Location
- 128 West Oak Street Moran, Kansas 66755 United States
- Coordinates: 37°55′10″N 95°10′18″W﻿ / ﻿37.91944°N 95.17167°W

Information
- School type: Public, High School
- School board: Board Website
- School district: Marmaton Valley USD 256
- CEEB code: 172065
- Principal: Brian Campbell
- Teaching staff: 13.50 (FTE)
- Grades: 7 to 12
- Gender: Coed
- Enrollment: 121 (2023–2024)
- Student to teacher ratio: 8.96
- Campus type: Rural
- Colors: orange black
- Athletics: Class 8 Man I District 2
- Athletics conference: Three Rivers
- Mascot: Wildcats
- Website: marmatonvalley.org

= Marmaton Valley High School =

Marmaton Valley High School is a public high school located in Moran, Kansas, United States, serving students in grades 6–12. It is operated by Marmaton Valley USD 256 school district. The current principal is Kim Ensminger. The school colors are orange and black.

==Academics==
Marmaton Valley serves 193 students in grades 7–12.

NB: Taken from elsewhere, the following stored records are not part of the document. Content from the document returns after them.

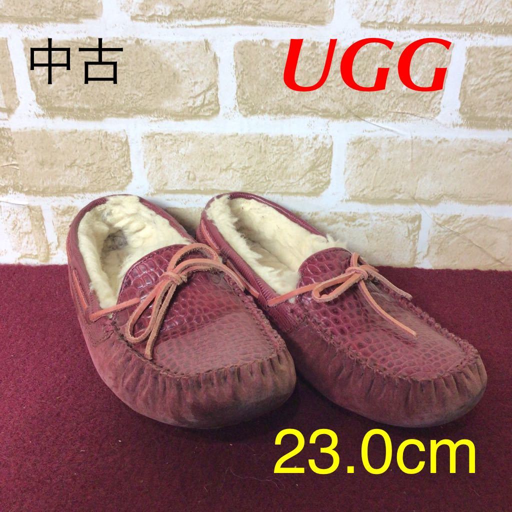 > 【売り切り!送料無料!】A-27 UGG!アグ!パンプス!ぺたんこ!23!赤!ワインレッド!おしゃれ!かわいい!もこもこ!冬!中古
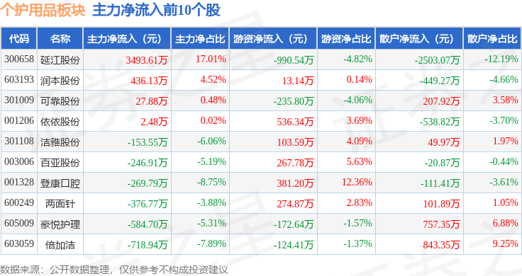 从资金流向上来看,当日个护用品板块主力资金净流出689.18万元,游资资金净流入711.29万元,散户资金净流出22.11万元。个护用品板块个股资金流向见下表:
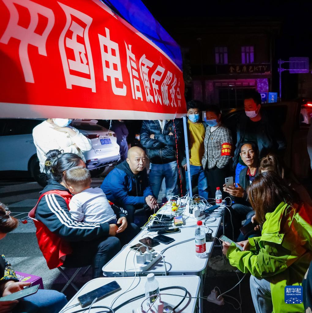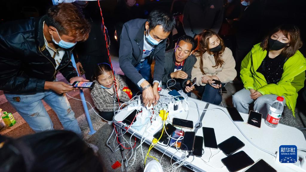 9月5日晚,在四川甘孜州瀘定縣磨西鎮(zhèn)的受災群眾臨時安置點,人們在中國電信便民服務點為手機充電。新華社 沈伯韓 攝
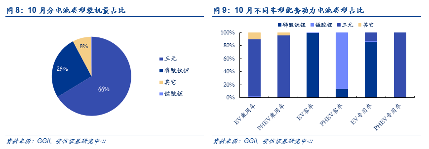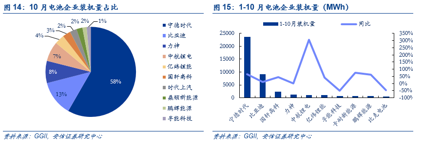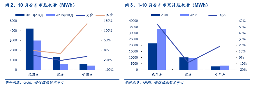 新能源专用车表现亮眼,10月装机电量为0.45GWh,占总体的10.9%,同比下降31%,环比大增137%;1-10月新能源专用车装机量累计为3.39GWh,同比增长18.5%。
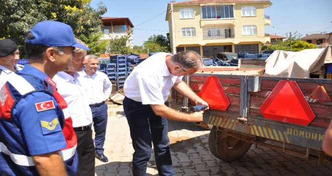 Orhaniye köyündeki törende konuşan İlçe Jandarma Trafik Tim Komutanı Astsubay Üstçavuş Bahattin Demez, Emniyet Müdürlüğü verilerine göre merkez ve köylerde tescilli 4 bin 970 adet traktör mevcut. Trafik tim komutanlığı sorumlulk bölgesinde yaşanan zirai hareketlilik sebebiyle meydana gelen trafik kazaları incelendiğinde, kazaların bir çoğunun traktör römorklarının ışıklarının noksan ve bozuk olmasından kaynaklandığı görülmekte. Traktör römorklarının arka kapak kısmına kanunen işaret levhası takılması gerekmektedir. Bu proje ile traktör sürücülerinin römorklarına kendileri için hayatî önem taşıyan reflektör takmalarını sağlamak, traktör sürücülerinin karıştıkları kazaları asgariye indirmek hedeflenmekte. Traktör sürücülerine trafik kurallarının tekrar hatırlatılması, kullandıkları römorklara reflektör takmalarının önemi anlatılacak dedi.
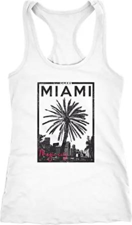 Damen Tank-Top Miami Beach Sunset Palmen Racerback Trägershirt Weiss M
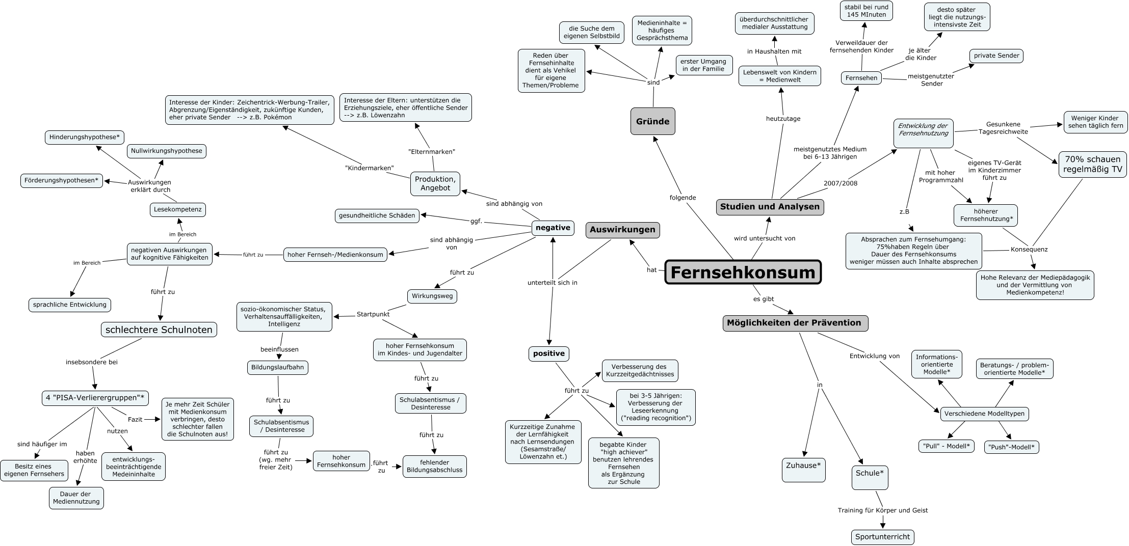 Dieses mit IHMC CmapTools erstellte CMap hat Informationen bezüglich: Aufgabe 2, Möglichkeiten der Prävention in Zuhause*, Auswirkungen unterteilt sich in positive, Schule* Training für Körper und Geist Sportunterricht, Fernsehkonsum es gibt Möglichkeiten der Prävention, Verschiedene Modelltypen ???? "Push"-Modell*, Verschiedene Modelltypen ???? "Pull" - Modell*, hoher Fernsehkonsum führt zu fehlender Bildungsabschluss, positive führt zu bei 3-5 Jährigen: Verbesserung der Leseerkennung ("reading recognition"), Auswirkungen unterteilt sich in negative, negative ggf. gesundheitliche Schäden, negative sind abhängig von Produktion, Angebot, Lesekompetenz Auswirkungen erklärt durch Förderungshypothesen*, Lesekompetenz Auswirkungen erklärt durch Nullwirkungshypothese, 4 "PISA-Verlierergruppen"* nutzen entwicklungs- beeinträchtigende Medeininhalte, 4 "PISA-Verlierergruppen"* haben erhöhte Dauer der Mediennutzung, hoher Fernseh-/Medienkonsum führt zu negativen Auswirkungen auf kognitive Fähigkeiten, Gründe sind erster Umgang in der Familie, Absprachen zum Fernsehumgang: 75%haben Regeln über Dauer des Fernsehkonsums weniger müssen auch Inhalte absprechen Konsequenz Hohe Relevanz der Mediepädagogik und der Vermittlung von Medienkompetenz!, Entwicklung der Fernsehnutzung z.B Absprachen zum Fernsehumgang: 75%haben Regeln über Dauer des Fernsehkonsums weniger müssen auch Inhalte absprechen, Entwicklung der Fernsehnutzung Gesunkene Tagesreichweite 70% schauen regelmäßig TV
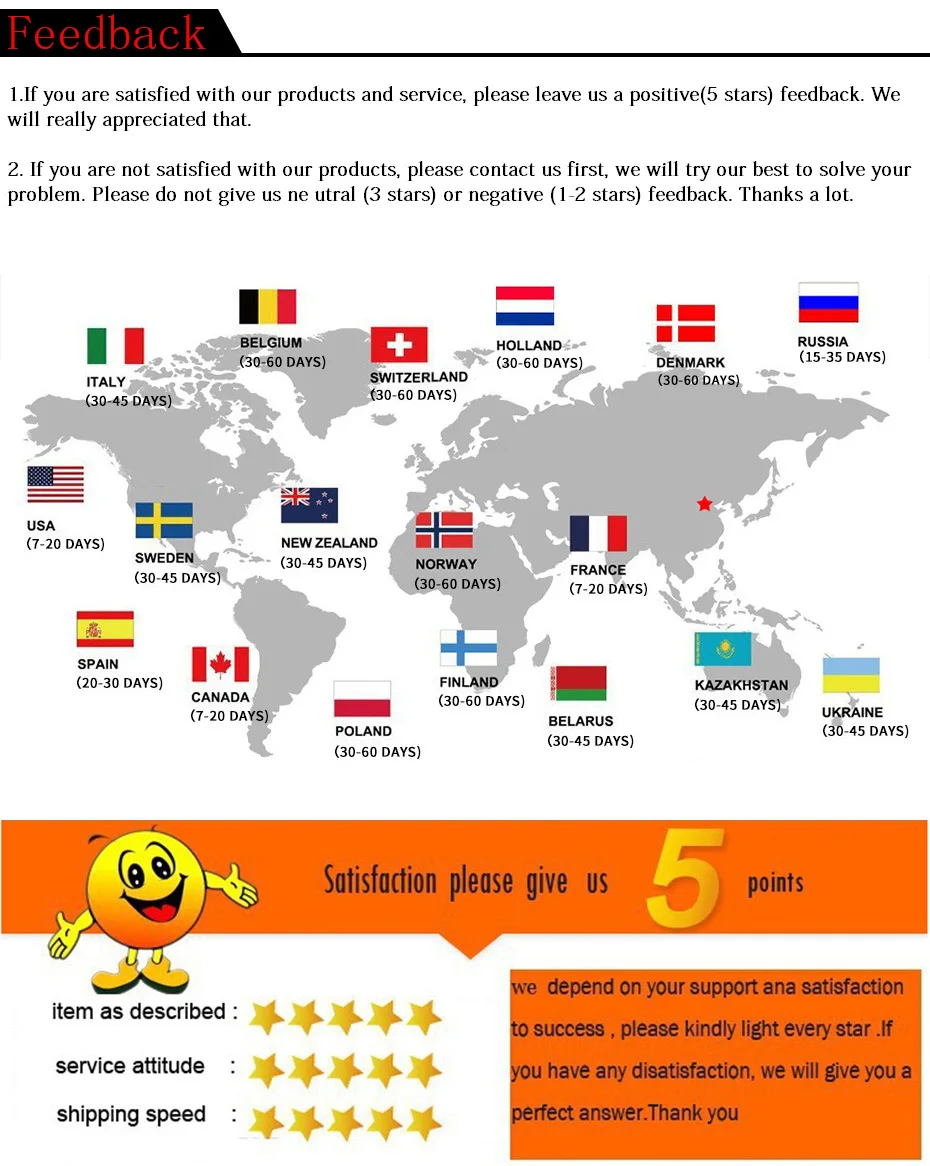 Оплата и доставкаМеждународные покупатели, пожалуйста, обратите внимание:Импортные пошлины, налоги и сборы не включены в цену товара или стоимость доставки. Эти расходы являются обязанностью покупателя.Пожалуйста, свяжитесь с таможней вашей страны, чтобы определить, какие дополнительные расходы будут до торгов/покупки.Доставка:Товар будет отправлен только на Escrow адрес доставки покупателя, поэтому, пожалуйста, подтвердите Ваш доступный адрес на Escrow перед оплатой.Но иногда международная доставка сильно зависит от курьерской компании и местных таможенных пошлин. Если вы не получили товар вовремя, свяжитесь с нами немедленно, чтобы мы могли оказать помощь. Спасибо за понимание.Способ доставки:Товары будут отправлены AliExpress стандартной доставкой, Почта Китая. Это займет 15-60 рабочих дней с даты отгрузки.Товары будут отправлены USPS в США, абсолютно безопасно! Каждая посылка имеет номер отслеживания. Это займет 7-12 рабочих дней с даты отгрузки.Также мы можем произвести поставку службами экспресс-доставки DHL, UPS, EMS. В этом случае вам будет необходимо доплатить соответствующую сумму денег за срочную доставку. Если вам нужна служба экспресс-доставки, пожалуйста, свяжитесь с нами перед заказом (телефон необходим для международной экспресс-доставки, если вам нужна служба экспресс-доставки, пожалуйста, обратите внимание на ваш телефон при оплате.)Время доставки:Все товары будут отправлены вам в течение 3 рабочих дней (в будние дни-с понедельника по пятницу) оплата будет очищена на стороне продавцаРасчетное время доставкиМеждународная посылка занимает около 15-60 дней для доставки в пункт назначения; Через почтовое отделение в прошлом статистическом отчете о доставке, ниже приведена таблица времени доставки для некоторых стран, только для справки покупателя.Escrow является нашим предпочтительным способом оплаты, мы также принимаем различные платежи, как показано ниже: Western Union,VISA,QIWI,MoneyGram,MasterCard.Если есть какие-либо проблемы с оплатой, просим не стесняться и связаться с нами.Мы принимаем оплату через PayPal. Просим убедиться, что до подачи заявки ваш счет PayPal был действующим/был подтвержденВсе оплаты через PayPal необходимо подтверждать (адрес доставки и адрес оплаты должны совпадать). Оплата производится в течение 7 дней со дня окончания аукционаЕсли через 14 дней после аукциона полная сумма оплаты не поступила автоматически возникает спор по неуплате.Возврат принимается в течение 14 дней после даты получения товара покупателем. (Исключая утерянные повреждения или неправильное использование).100% гарантия возврата денег!Все товары перед поставкой проходят 100% проверку. Если товар поврежден при почтовой пересылке, Покупатель имеет до 14 дней с даты получения дляОбмена товара на новый. Все транспортные расходы за возвращенный товар оплачивает Покупатель, просим связаться с нами и сообщить обратный адрес.Мы оставим положительную обратную связь для вас после получения оплаты. Ваши отзывы очень важны для нас, положительные отзывы и 5 баллов DSR высоко ценятся.Перед тем как оставить негативный отзыв, оценку в 1 или 2 балла в ДРП, а также открыть какой-либо спор на сайтах PayPal и Ebay, пожалуйста, дайте нам возможность решить ваши проблемы, и мы сделаем все возможное, чтобы удовлетворить ваши потребности.Если у вас возникнут какие-либо вопросы, пожалуйста, 
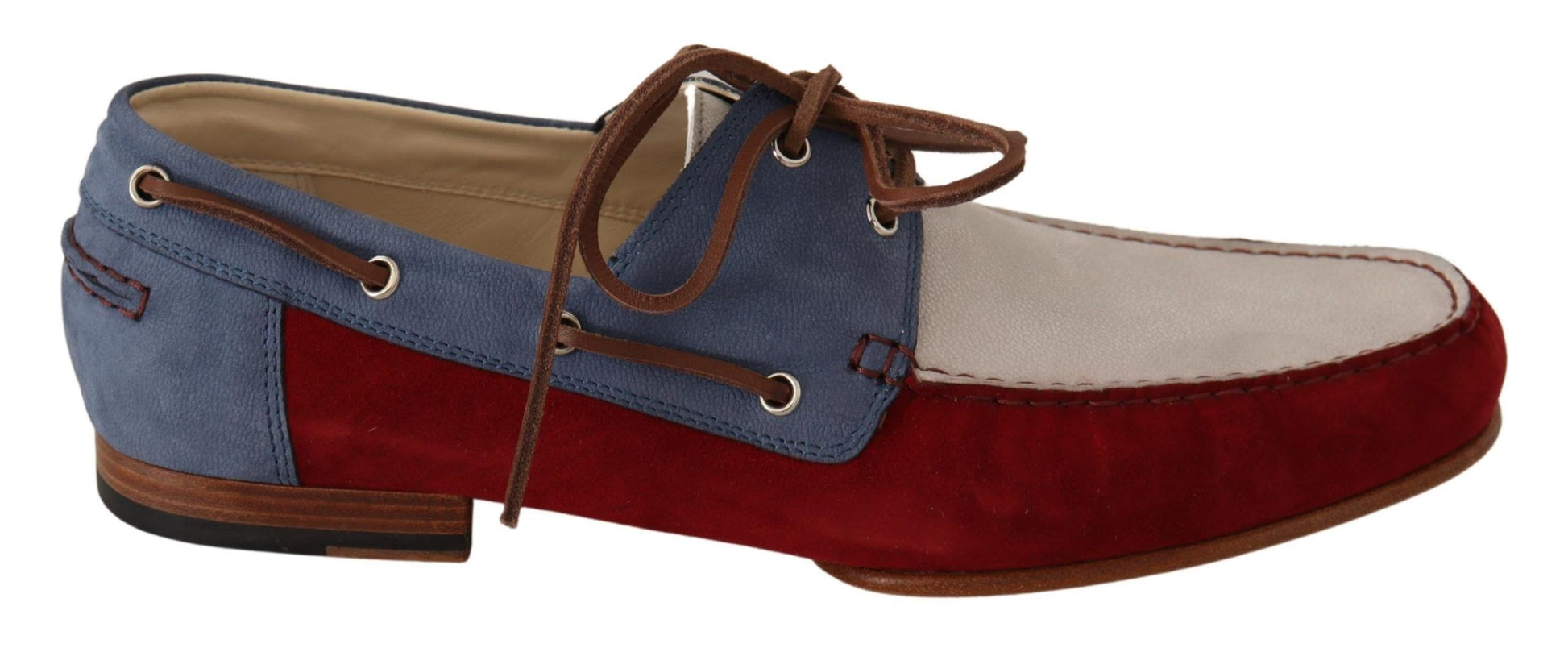 Experience the epitome of Italian craftsmanship with these exquisite Multicolor Leather and Suede Loafers from the esteemed house of Dolce & Gabbana. These brand new loafers come with tags, ensuring their authenticity and untouched quality. Flaunting an elegant almond toe, a debonair lace-up front fastening, and a comfortable slip-on style, these shoes are designed for the gentleman who appreciates luxury and high-end fashion. Whether for formal events or casual outings, the branded insole and flat, leather sole promise both style and comfort, making them a versatile addition to your wardrobe.
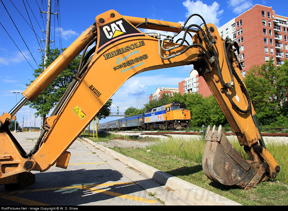 VIA 675 heads west out of Oakville station past a backhoe working on the new third main project, parked for the weekend in ideal position to use as a frame.
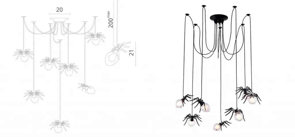Люстра черная Паук Spiders lamp 7

==Extracurricular activities==
Marmaton Valley is a member of the Kansas State High School Activities Association and offers a variety of sports programs. Athletic teams compete in the 1A division and are known as the "Wildcats". Extracurricular activities are also offered in the form of performing arts, school publications, and clubs.

===Athletics===
The extracurricular activities offered at Marmaton Valley High School are few and numbered due to the school's small size. The Wildcats compete various sports programs and are classified as a 1A school, the smallest classification in Kansas according to the Kansas State High School Activities Association. Throughout its history, Marmaton Valley has never won a team state championship in any sport, although it has had individual state champions.